--- Dataset section ---

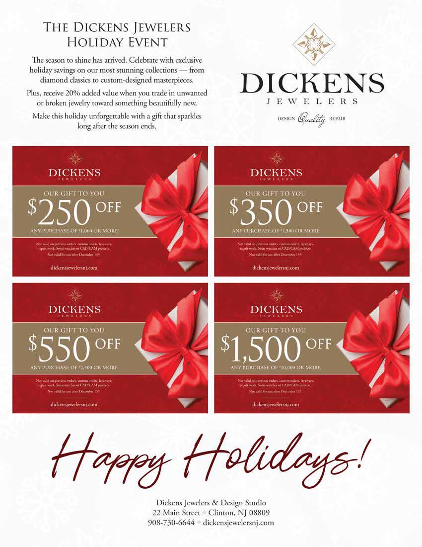 Turn to the back of this magazine to see Dickens Jewelers’ exclusive holiday sales—and find the perfect gift that shines as brightly as the season. 4 2 3 1
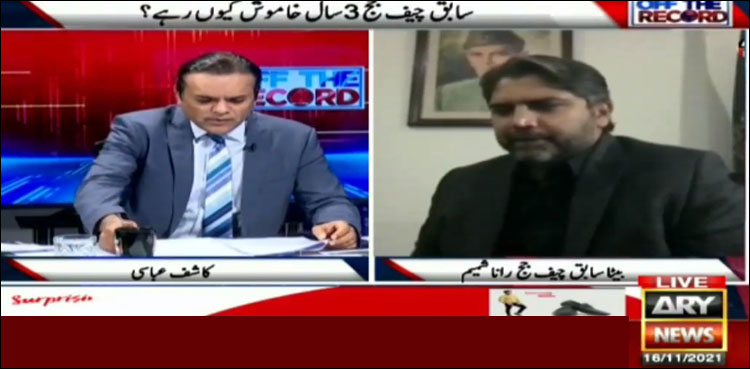 میزبان کاشف عباسی نے احمد حسن رانا نے سوال کیا کہ معاملہ جوڈیشل کونسل میں ہی بھجوانے کا مطالبہ تھا تو صحافی کو کیوں دیا گیا، اس پر انہوں نے کہا کہ رانا شمیم سے پوچھیں انہوں نے صحافی کو حلف نامہ کیوں جاری کیا۔
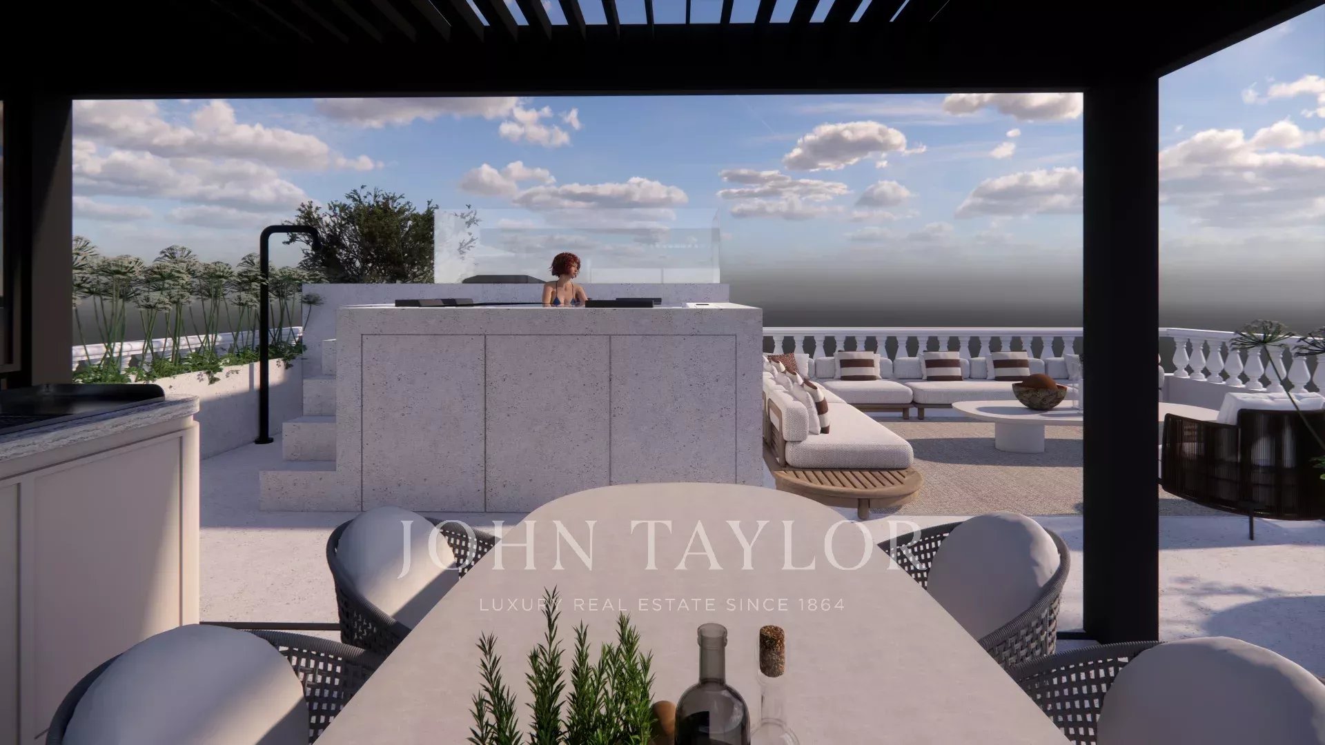 Due grandi terrazze con zona relax. A completare la proprietà, un roof esclusivo con cucina estiva e jacuzzi privata: uno spazio unico per rilassarsi o ricevere ospiti con stile, sopra i tetti di Monte-Carlo.

---

* [Your task] Extract the lines beginning with the one that contains "میزبان کاشف عباسی" and ending with the last line of the listing. Keep them exact and drop the pictures.

* [Finished exercise]
 میزبان کاشف عباسی نے احمد حسن رانا نے سوال کیا کہ معاملہ جوڈیشل کونسل میں ہی بھجوانے کا مطالبہ تھا تو صحافی کو کیوں دیا گیا، اس پر انہوں نے کہا کہ رانا شمیم سے پوچھیں انہوں نے صحافی کو حلف نامہ کیوں جاری کیا۔
 Due grandi terrazze con zona relax. A completare la proprietà, un roof esclusivo con cucina estiva e jacuzzi privata: uno spazio unico per rilassarsi o ricevere ospiti con stile, sopra i tetti di Monte-Carlo.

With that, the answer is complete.